As dramatic as all that was, the defining moment occurred later, when I was writing about our experience. I was haunted by those Iraqis in that Accord. Why didn’t Paul just run right over the car without shooting the people inside? I wondered. But of course I knew. They could have been insurgents themselves, and Paul wasn’t going to take any chances. But why not at least fire warning shots, to back the Accord down the alley? That’s what his teams did during convoy escort duty. Again the primal voice in my head answered: If Paul had done that, we’d have been trapped on the wrong side of the Accord when the technical opened fire . . .

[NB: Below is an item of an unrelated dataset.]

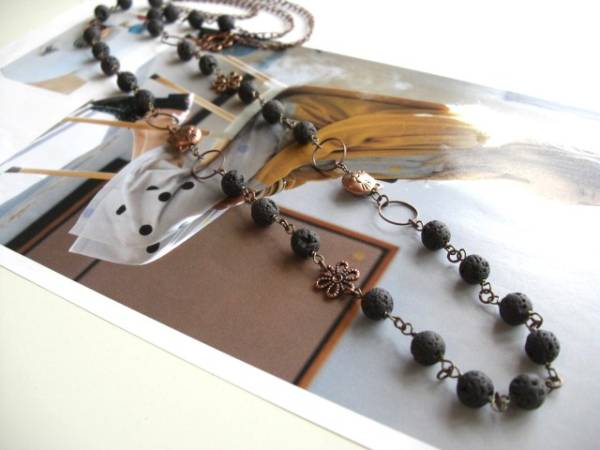 オリエンタル・ガール・・シリーズです♪シックな猫さん・・存在感のある漆黒のラバーストーンにお洒落な猫さんやフラワーリングのチャームを合わせてアンティークモダンな表情です♪ラバーストーンは8ミリの丸玉、猫さんは11ミリ位のメタルチャームです♪長さは全長105センチ位で調節自由です♪2連にされても素敵です♪お揃いのブレスレットも出品しています♪シンプルで飽きのこないいつまでも着けられるデザインを考えて作りました♪ハンドメイドをご理解頂いてノークレーム、ノーリターンでお願いします

These justifications meant little in the dead of night when sleep escaped me. Because I was so haunted by that Iraqi child’s cry, I wrote two drafts of the chapter about my rescue. One included the Accord, the other didn’t. As the drop-dead date approached during the copyediting phase of my manuscript’s production schedule, I heard that Paul and one of his teams had gotten into some trouble, this time in the Jamhori Quarter of Ramadi, during the Second Battle of Fallujah.

Paul had a third team operating by then: Sierra Charlie. Apparently, Charlie team—with Paul along—had gotten pinned down during a protective detail, and things got very hot. Paul called in the Little Bird for evac, but the helicopter took so much fire that it had to peel off. Left on its own, the ShieldCorp unit had gone into offensive mode and shot its way out of the neighborhood. It went through some houses to do so—several contiguous structures—and civilians were killed. A fire had broken out as well, which caused more casualties.